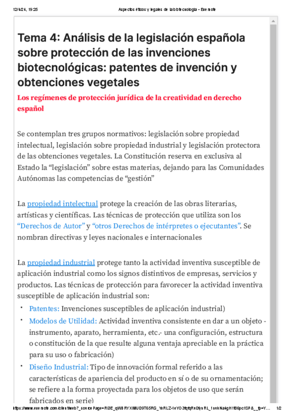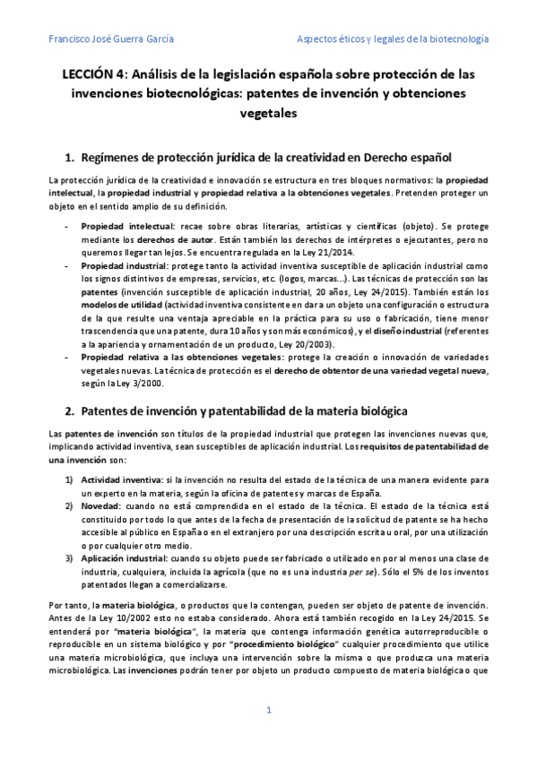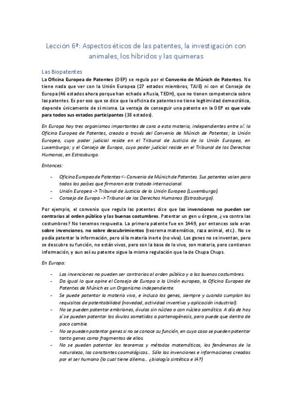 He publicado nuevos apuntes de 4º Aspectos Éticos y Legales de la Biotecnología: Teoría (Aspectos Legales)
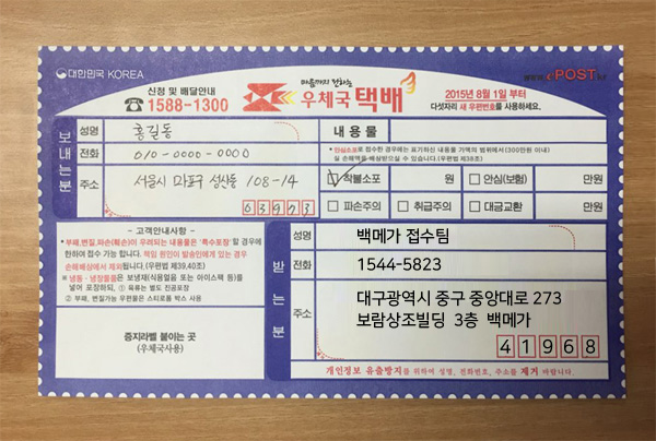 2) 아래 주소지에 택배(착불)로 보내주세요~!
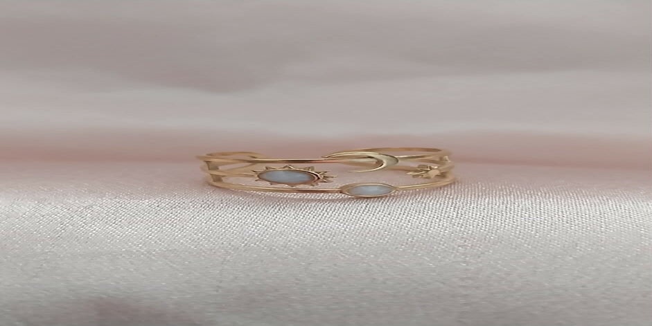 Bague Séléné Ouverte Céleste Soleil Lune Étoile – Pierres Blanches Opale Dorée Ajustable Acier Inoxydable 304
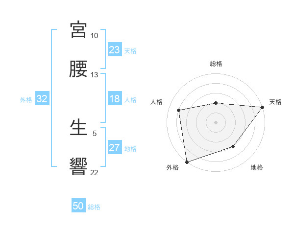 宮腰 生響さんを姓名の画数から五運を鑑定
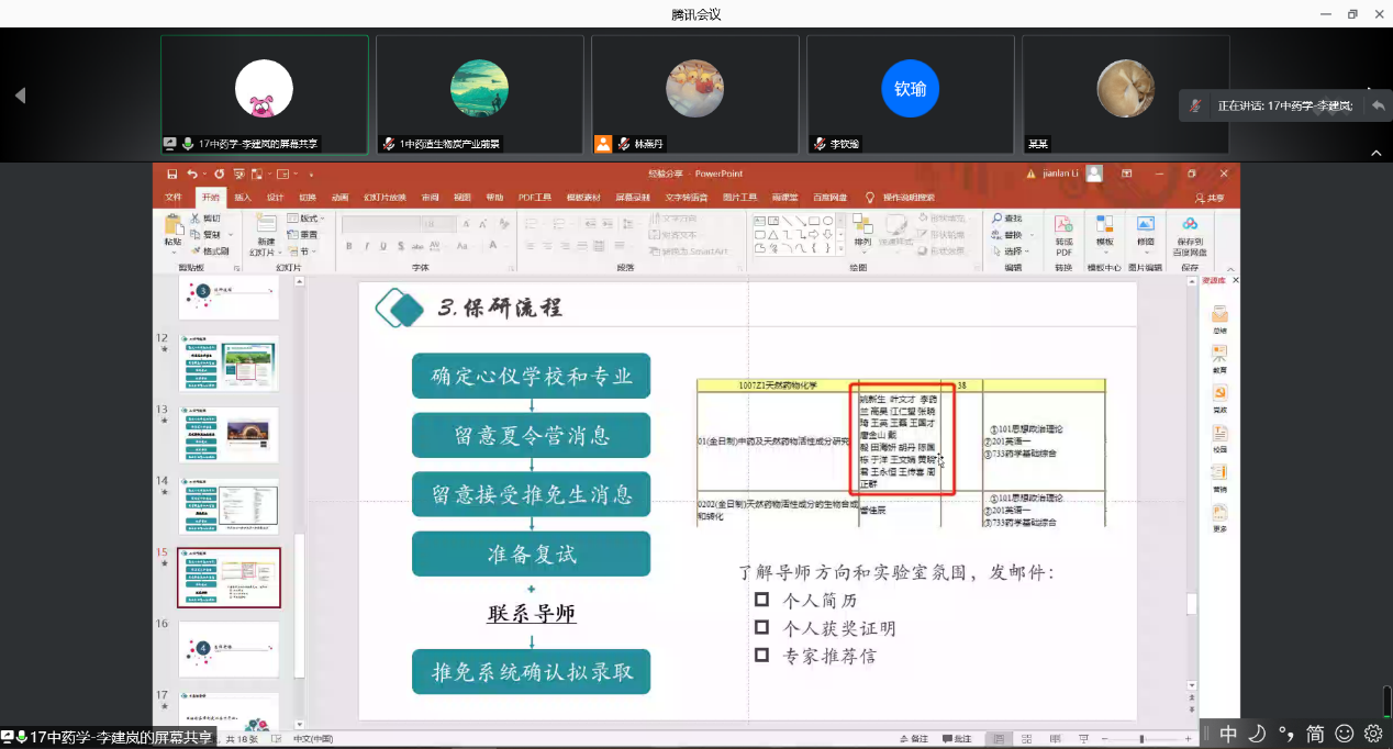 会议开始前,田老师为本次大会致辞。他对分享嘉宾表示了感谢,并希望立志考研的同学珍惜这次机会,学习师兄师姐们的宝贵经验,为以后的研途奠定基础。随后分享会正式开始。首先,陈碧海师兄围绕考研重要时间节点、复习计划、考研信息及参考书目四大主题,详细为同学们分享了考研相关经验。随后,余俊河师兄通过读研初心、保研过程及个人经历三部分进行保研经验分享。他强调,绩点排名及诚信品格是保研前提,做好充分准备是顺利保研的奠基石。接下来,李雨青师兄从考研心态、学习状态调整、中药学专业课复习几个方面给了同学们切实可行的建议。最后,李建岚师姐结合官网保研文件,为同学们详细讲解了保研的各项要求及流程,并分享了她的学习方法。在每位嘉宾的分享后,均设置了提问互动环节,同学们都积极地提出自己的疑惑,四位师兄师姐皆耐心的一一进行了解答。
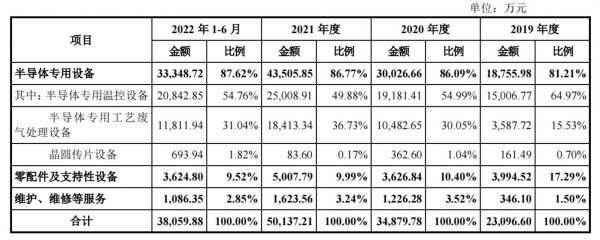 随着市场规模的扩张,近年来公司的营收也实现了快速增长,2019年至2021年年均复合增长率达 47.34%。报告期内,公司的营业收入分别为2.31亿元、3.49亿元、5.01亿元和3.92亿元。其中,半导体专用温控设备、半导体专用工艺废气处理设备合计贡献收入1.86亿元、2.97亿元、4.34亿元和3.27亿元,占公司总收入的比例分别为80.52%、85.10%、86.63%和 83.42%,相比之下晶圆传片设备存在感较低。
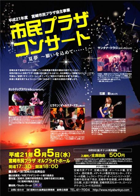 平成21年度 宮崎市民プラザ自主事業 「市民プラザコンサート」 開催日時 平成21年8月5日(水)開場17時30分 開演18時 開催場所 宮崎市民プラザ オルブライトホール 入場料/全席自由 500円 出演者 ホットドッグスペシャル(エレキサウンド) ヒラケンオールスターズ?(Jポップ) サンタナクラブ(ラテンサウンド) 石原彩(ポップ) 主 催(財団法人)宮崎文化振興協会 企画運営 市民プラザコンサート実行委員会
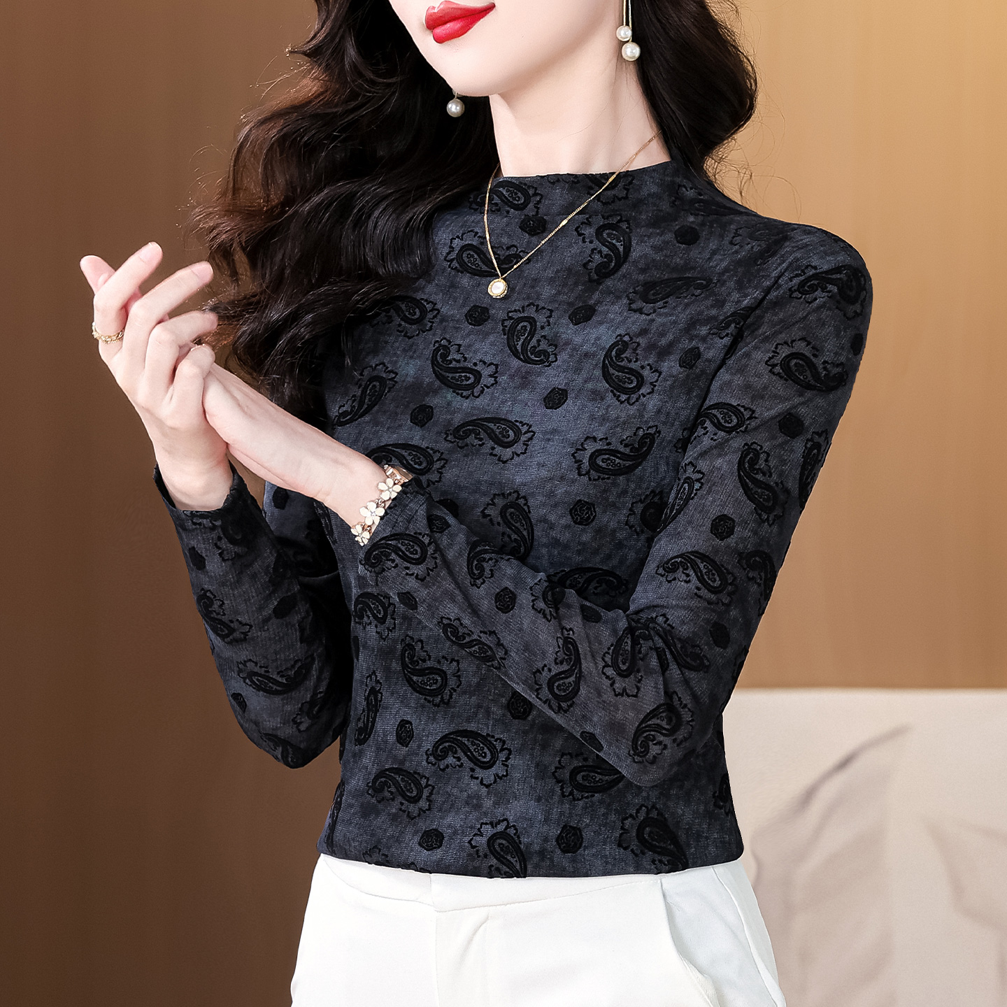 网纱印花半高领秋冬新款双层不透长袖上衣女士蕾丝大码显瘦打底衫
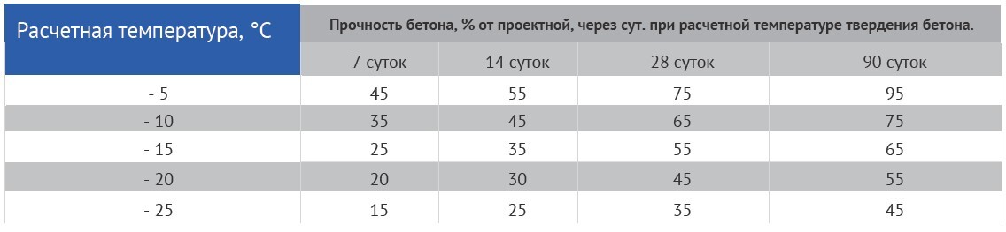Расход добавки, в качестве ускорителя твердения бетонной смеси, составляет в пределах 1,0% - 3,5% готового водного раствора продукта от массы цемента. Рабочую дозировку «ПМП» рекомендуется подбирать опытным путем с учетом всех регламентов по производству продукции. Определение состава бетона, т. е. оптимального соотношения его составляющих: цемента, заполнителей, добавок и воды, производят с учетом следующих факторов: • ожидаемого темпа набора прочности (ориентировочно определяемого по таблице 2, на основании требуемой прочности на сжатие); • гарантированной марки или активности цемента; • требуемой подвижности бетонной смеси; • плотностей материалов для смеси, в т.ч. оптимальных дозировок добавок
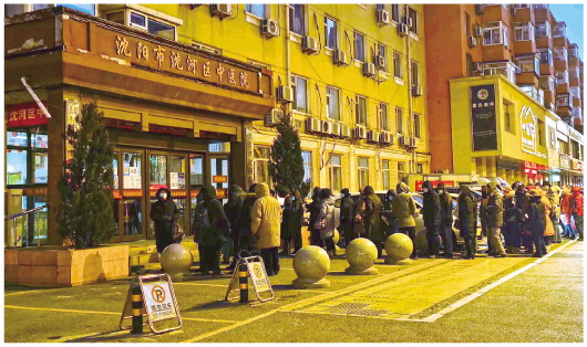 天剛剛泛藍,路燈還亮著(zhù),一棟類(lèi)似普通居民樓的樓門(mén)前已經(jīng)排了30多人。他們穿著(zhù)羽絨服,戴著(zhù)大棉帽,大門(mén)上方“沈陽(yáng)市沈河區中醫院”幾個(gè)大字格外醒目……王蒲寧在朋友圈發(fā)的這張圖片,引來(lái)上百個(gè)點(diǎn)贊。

═══

*EXERCISE DESCRIPTION*. Repeat only the lines between the top of the entries above and the line containing "网纱印花半高领秋冬新款双层不透长袖上衣女士蕾丝大码显瘦打底衫", both ends included, without the pictures.

*ANSWER FOR THIS EXERCISE*.
 He publicado nuevos apuntes de 4º Aspectos Éticos y Legales de la Biotecnología: Teoría (Aspectos Legales)
 2) 아래 주소지에 택배(착불)로 보내주세요~!
 Bague Séléné Ouverte Céleste Soleil Lune Étoile – Pierres Blanches Opale Dorée Ajustable Acier Inoxydable 304
 宮腰 生響さんを姓名の画数から五運を鑑定
 会议开始前,田老师为本次大会致辞。他对分享嘉宾表示了感谢,并希望立志考研的同学珍惜这次机会,学习师兄师姐们的宝贵经验,为以后的研途奠定基础。随后分享会正式开始。首先,陈碧海师兄围绕考研重要时间节点、复习计划、考研信息及参考书目四大主题,详细为同学们分享了考研相关经验。随后,余俊河师兄通过读研初心、保研过程及个人经历三部分进行保研经验分享。他强调,绩点排名及诚信品格是保研前提,做好充分准备是顺利保研的奠基石。接下来,李雨青师兄从考研心态、学习状态调整、中药学专业课复习几个方面给了同学们切实可行的建议。最后,李建岚师姐结合官网保研文件,为同学们详细讲解了保研的各项要求及流程,并分享了她的学习方法。在每位嘉宾的分享后,均设置了提问互动环节,同学们都积极地提出自己的疑惑,四位师兄师姐皆耐心的一一进行了解答。
 随着市场规模的扩张,近年来公司的营收也实现了快速增长,2019年至2021年年均复合增长率达 47.34%。报告期内,公司的营业收入分别为2.31亿元、3.49亿元、5.01亿元和3.92亿元。其中,半导体专用温控设备、半导体专用工艺废气处理设备合计贡献收入1.86亿元、2.97亿元、4.34亿元和3.27亿元,占公司总收入的比例分别为80.52%、85.10%、86.63%和 83.42%,相比之下晶圆传片设备存在感较低。
 平成21年度 宮崎市民プラザ自主事業 「市民プラザコンサート」 開催日時 平成21年8月5日(水)開場17時30分 開演18時 開催場所 宮崎市民プラザ オルブライトホール 入場料/全席自由 500円 出演者 ホットドッグスペシャル(エレキサウンド) ヒラケンオールスターズ?(Jポップ) サンタナクラブ(ラテンサウンド) 石原彩(ポップ) 主 催(財団法人)宮崎文化振興協会 企画運営 市民プラザコンサート実行委員会
 网纱印花半高领秋冬新款双层不透长袖上衣女士蕾丝大码显瘦打底衫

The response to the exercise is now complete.